Additional metadata of the dataset.

Initialize the dataset.

Parameters:

Name Type Description Default
version str | None

The version of the dataset. Defaults to None.

None
hash str | None

The hash of the dataset. Defaults to None.

None
name str | None

The name of the dataset. Defaults to None.

None
description str | None

The description of the dataset. Defaults to None.

None
schema type[BaseModel] | None

The schema of the dataset. Defaults to None.

None
additional_metadata dict[str, Any] | None

Additional metadata of the dataset. Defaults to None.

None
attachments_config AttachmentConfig | dict[str, Any] | None

Configuration for loading attachments.
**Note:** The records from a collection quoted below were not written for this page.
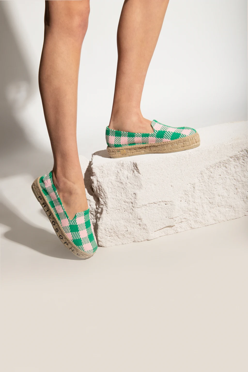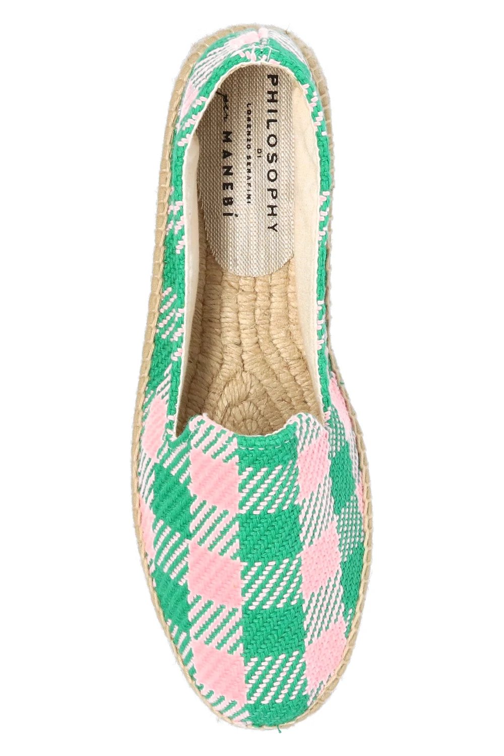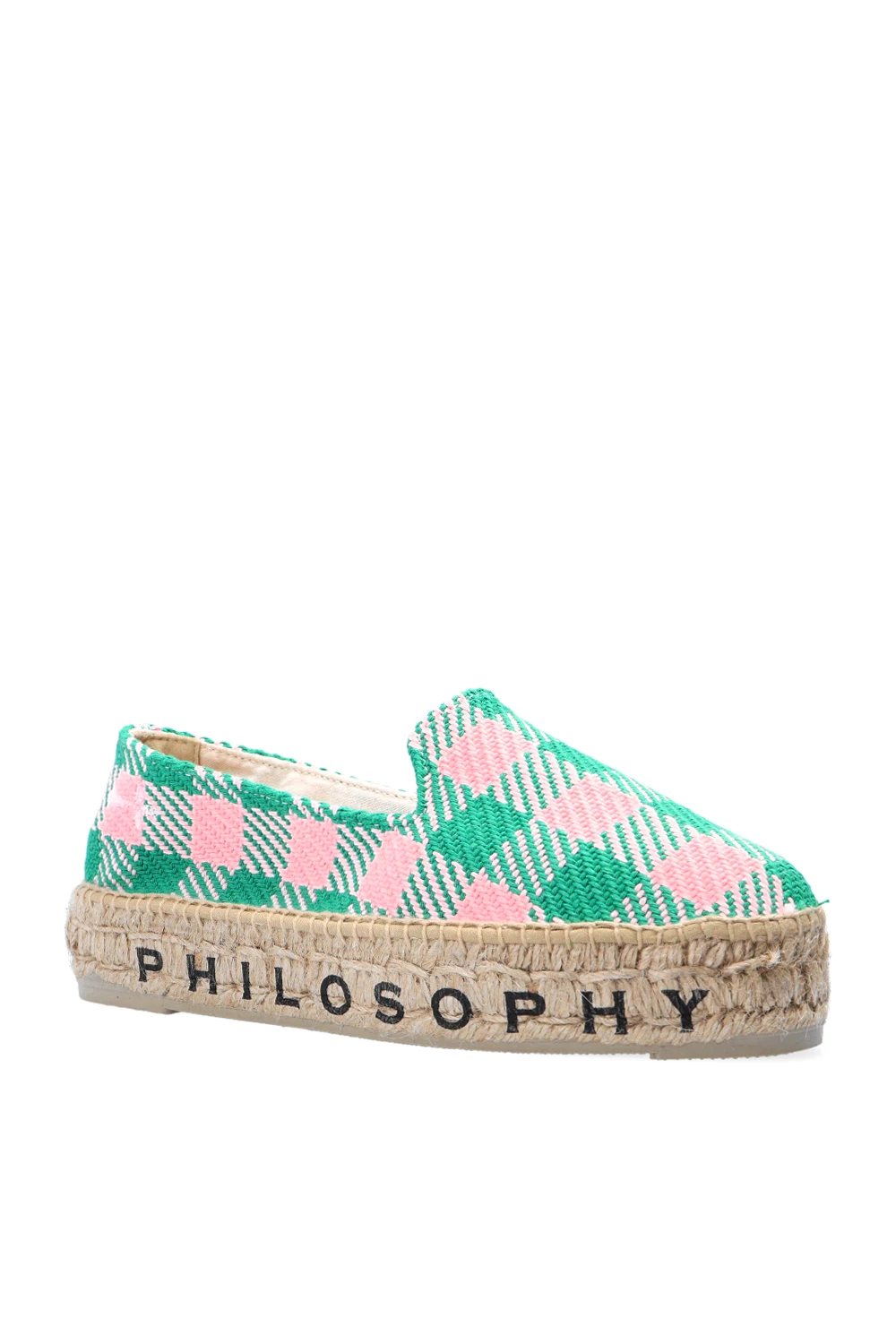 Green and pink woven espadrilles from Philosophy x Manebi. Set on a beige rubber sole, this pair is decorated with embroidered and printed logo details in black.
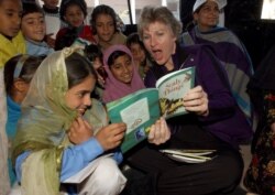 Hughes (right) reads a book with Kashmiri earthquake survivors during a visit to a tent school in Muzaffarabad on November 14, 2005 (official site)
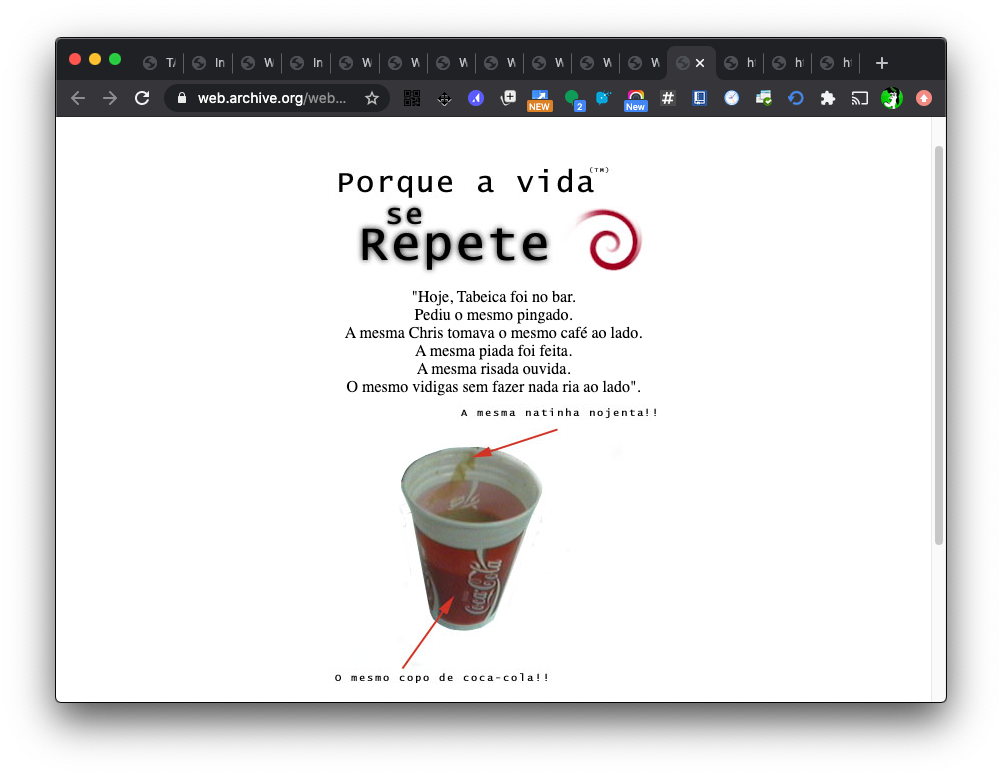 Life repeats itself, the web page - check real HTML at A vida se repete. A theme, an idea, a reflection. We were claming that every day looked the same, the same latte, the same joke, the same friend laughing.

Defaults to None.

None

__getitem__(index)

Get the item at the given index.

Parameters:

Name Type Description Default
index int

The index of the item to get.

required

Returns:

Type Description
MetricInput | list[MetricInput]

MetricInput | list[MetricInput]: The item at the given index or a list of items if the index is a list.

__iter__()

Iterate over the dataset.

Returns:

Type Description
Iterator[MetricInput]

Iterator[MetricInput]: An iterator over the dataset.

__len__()

Get the length of the dataset.

Returns:

Name Type Description
int int

The length of the dataset.

filter(filter_fn)

Filter the dataset.

Parameters:

Name Type Description Default
filter_fn Callable[[MetricInput], bool]

The filter function.

required

load() abstractmethod

Load the dataset.

Returns:

Type Description
list[MetricInput]

list[MetricInput]: The loaded dataset.

Raises:

Type Description
NotImplementedError

If the load method is not implemented.

map(map_fn)

Map the dataset.

Parameters:

Name Type Description Default
map_fn Callable[[MetricInput], MetricInput]

The map function.

required

prepare_row_for_inference(row, **kwargs) async

Prepare a single row for inference.

This method allows dataset-specific preprocessing before inference. For example, LangfuseDataset might create/sync dataset items here.

Parameters:

Name Type Description Default
row dict[str, Any]

The row to prepare.

required
**kwargs Any

Additional arguments (e.g., dataset_item_id for Langfuse).

{}

Returns:

Type Description
dict[str, Any]

dict[str, Any]: The prepared row.

sample(n=3)

Sample n items from the dataset.

Parameters:

Name Type Description Default
n int

The number of items to sample.

3

Returns:

Type Description
list[MetricInput]

list[MetricInput]: The sampled items.

shuffle()

Shuffle the dataset.

to_standard_format()

Convert dataset to standard format for inference.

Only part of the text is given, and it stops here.